We’ve been here before. The infamous ASBOs (Anti-Social Behaviour Orders) were scrapped after years of evidence showed they were ineffective and disproportionately used against the most marginalised. The Respect Orders proposed under the Bill risk repeating the same mistakes, empowering authorities to criminalise people on the vague basis that it’s “just and convenient” to do so.

Public Spaces Are Off Limits – If You’re Poor

If you’re visibly poor, the message is clear: move along, or else.

ASB tools like Public Spaces Protection Orders (PSPOs) have been used to ban rough sleeping, begging, and even sitting in doorways. Fines can reach £100 on the spot, with non-payment risking prosecution and penalties of up to £1,000. For those who can’t pay – as many can’t – this can quickly escalate to court, debt, and even jail time.

It’s not about safety. It’s about appearance. Studies have found PSPOs overwhelmingly target street homelessness – but often don’t link people to any support.

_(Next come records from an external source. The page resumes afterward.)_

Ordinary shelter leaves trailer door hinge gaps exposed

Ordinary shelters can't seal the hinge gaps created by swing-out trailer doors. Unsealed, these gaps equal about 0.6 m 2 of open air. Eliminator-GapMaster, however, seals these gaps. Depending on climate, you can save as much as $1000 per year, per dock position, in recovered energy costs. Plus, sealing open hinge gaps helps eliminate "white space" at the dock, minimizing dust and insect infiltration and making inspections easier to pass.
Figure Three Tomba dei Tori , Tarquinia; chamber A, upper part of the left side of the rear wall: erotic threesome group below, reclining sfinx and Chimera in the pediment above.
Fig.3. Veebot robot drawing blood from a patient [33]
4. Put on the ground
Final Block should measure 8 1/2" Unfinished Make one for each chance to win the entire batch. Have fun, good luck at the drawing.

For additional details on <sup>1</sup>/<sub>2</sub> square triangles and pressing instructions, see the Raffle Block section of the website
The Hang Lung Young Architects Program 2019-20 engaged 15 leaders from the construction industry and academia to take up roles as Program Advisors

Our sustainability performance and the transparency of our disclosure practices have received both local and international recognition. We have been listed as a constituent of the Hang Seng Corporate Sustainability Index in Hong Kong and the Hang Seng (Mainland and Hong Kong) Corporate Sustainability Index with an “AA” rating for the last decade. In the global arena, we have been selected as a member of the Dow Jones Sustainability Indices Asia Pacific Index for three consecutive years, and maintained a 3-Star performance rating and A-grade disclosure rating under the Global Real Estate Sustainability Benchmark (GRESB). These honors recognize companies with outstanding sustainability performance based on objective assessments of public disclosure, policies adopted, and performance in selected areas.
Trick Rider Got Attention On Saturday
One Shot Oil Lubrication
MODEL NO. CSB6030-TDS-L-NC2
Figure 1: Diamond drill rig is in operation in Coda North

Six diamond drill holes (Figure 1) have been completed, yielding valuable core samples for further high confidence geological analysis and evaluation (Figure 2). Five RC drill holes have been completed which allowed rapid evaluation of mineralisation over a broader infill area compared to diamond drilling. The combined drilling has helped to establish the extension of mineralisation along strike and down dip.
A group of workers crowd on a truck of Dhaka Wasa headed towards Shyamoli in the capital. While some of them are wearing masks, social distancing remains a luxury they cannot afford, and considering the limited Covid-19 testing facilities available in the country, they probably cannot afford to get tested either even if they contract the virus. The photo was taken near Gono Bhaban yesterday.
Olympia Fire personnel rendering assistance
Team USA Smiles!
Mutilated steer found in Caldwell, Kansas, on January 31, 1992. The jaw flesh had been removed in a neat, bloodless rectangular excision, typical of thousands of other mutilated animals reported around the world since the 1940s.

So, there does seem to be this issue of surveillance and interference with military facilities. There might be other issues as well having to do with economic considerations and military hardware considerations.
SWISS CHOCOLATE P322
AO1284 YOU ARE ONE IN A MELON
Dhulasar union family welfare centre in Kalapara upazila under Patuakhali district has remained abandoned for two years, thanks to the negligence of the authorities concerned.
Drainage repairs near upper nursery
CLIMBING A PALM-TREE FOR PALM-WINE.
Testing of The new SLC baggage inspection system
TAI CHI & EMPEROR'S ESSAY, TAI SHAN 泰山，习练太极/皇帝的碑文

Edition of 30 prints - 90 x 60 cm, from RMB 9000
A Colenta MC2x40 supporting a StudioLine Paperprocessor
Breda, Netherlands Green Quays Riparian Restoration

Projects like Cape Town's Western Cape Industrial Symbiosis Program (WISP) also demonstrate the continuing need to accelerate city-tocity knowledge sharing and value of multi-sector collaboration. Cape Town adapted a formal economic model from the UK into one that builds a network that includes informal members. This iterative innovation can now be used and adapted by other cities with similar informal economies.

Need to Eat? That Might Be a Crime Too

Shoplifting in the UK has hit record highs – and part of this is because of hunger. With food insecurity at crisis levels – driven by 2010s austerity and today’s cost-of-living pressures – more than 1.8 million emergency food parcels were given to families with children last year, a 46% rise in five years. Many are stealing baby food, toiletries, and essentials they simply can’t afford.

Yet instead of addressing this crisis, the Crime and Policing Bill proposes removing the £200 threshold that currently diverts low-value thefts away from the courts. The likely result? More people criminalised for trying to survive.

Punished for Being Home

Add to that the UK’s unusual zeal for prosecuting TV licence evasion – a non-violent offence that resulted in over 28,000 prosecutions last year, 73% of them women. In fact, in 2019, almost one-third of all convictions against women in England and Wales were for this single offence.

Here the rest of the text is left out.